WORK TASK: What is needed is an exact copy of the lines in the entries below from the one holding "Next, add the" through the one holding "本車間包括:預(yù)處理餅", pictures excluded.
++++ RAW DATA ++++
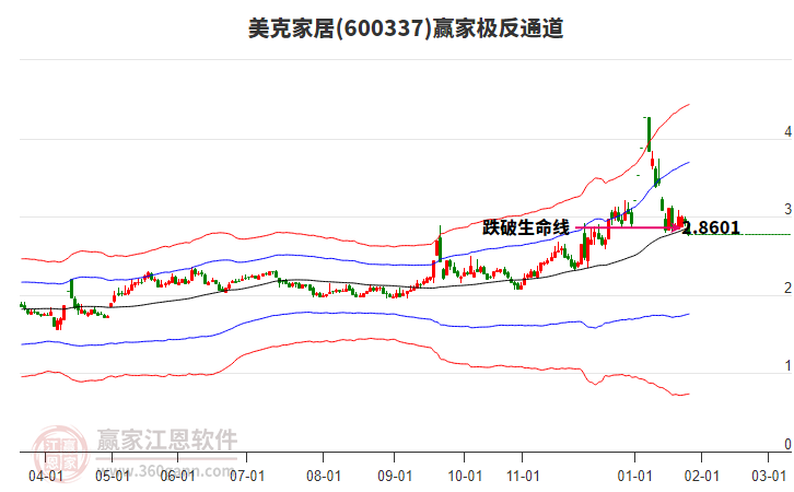 依據(jù)贏家江恩系統(tǒng)趨勢工具極反通道分析判斷美克家居600337運行在生命線以下弱勢區(qū)域,根據(jù)規(guī)則該股短線輕倉參與,股價跌至弱勢外軌線后波段再結合其它工具信號建倉。應用口訣是:生命線上強勢走,生命線下難抬頭;紅黃兩條外軌線,壓力支撐顯勢頭。
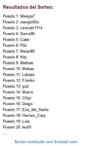 Lista de participantes: Fede, Tatunion, Mathee, xsergio92x, Sama90, Fede_1710, Pablo91, leo91, Pablin19, Eze_del_Santo, Kity, Marco, Luis, max-, Chipi, Leorodri1114, Lukaas, Bako, Buffon, Massi89, Hernan_Carp, Matias, Poli, Maxigs7, Braiian, guti, Pilo, Jdc, Pat0, Franko, Cabe, Diego.
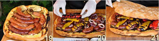 Next, add the grilled peppers and onion on top of the sausages 20, close the top 21, and all that's left is to serve it to our guests, perhaps accompanied by a nice cold beer (but not ice-cold). A simple, rustic preparation with intense flavors. Also ideal for an autumn barbecue. The smoked sausages will amaze you.
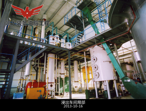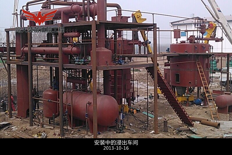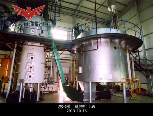 本車間包括:預(yù)處理餅的浸出、混合油的負(fù)壓蒸發(fā)、汽提、溶劑蒸汽冷凝、尾氣回收等工序。
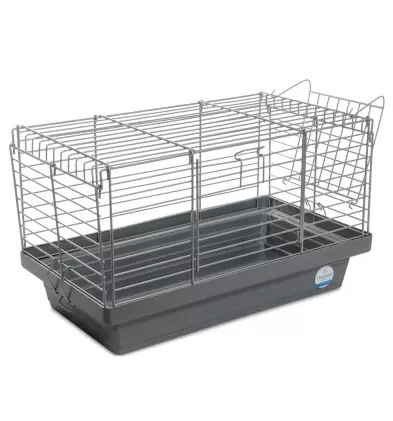 Клітка для декоративних кроликів дає можливість звірятку рухатися, а зовнішній відсік дозволяє тримати сіно і траву в зоні досяжності улюбленця і одночасно не заповнювати кормом внутрішній простір. Грати виготовлені зі сталевого дроту, пофарбованої безпечної порошковою фарбою. Кріплення на клітці, що з'єднують її з піддоном, і засувка на дверях міцні і надійні, звірятко не зможе відкрити їх самостійно.
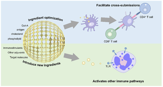 Optimizing and adjusting the components of ISCOMs enhances their stability and safety while boosting their immunomodulatory effect. Exploring the roles of individual Quil A components and their synergistic effects could improve immunostimulants while reducing toxicity. Similarly, altering the properties of ISCOM phospholipids and cholesterol can modify their charge characteristics and structural stability. These adjustments leverage nano-based strategies to refine the structural and functional properties of ISCOMs, tailoring them to achieve the desired adjuvant properties. Future research could explore incorporating lipids with additional functionalities to enhance their immune-stimulating effects, thereby gaining more comprehensive immune protection. These modifications and improvements hold significant promise for advancing ISCOM optimization.
++++
ANSWER FOR THE TASK:
 Next, add the grilled peppers and onion on top of the sausages 20, close the top 21, and all that's left is to serve it to our guests, perhaps accompanied by a nice cold beer (but not ice-cold). A simple, rustic preparation with intense flavors. Also ideal for an autumn barbecue. The smoked sausages will amaze you.
 本車間包括:預(yù)處理餅的浸出、混合油的負(fù)壓蒸發(fā)、汽提、溶劑蒸汽冷凝、尾氣回收等工序。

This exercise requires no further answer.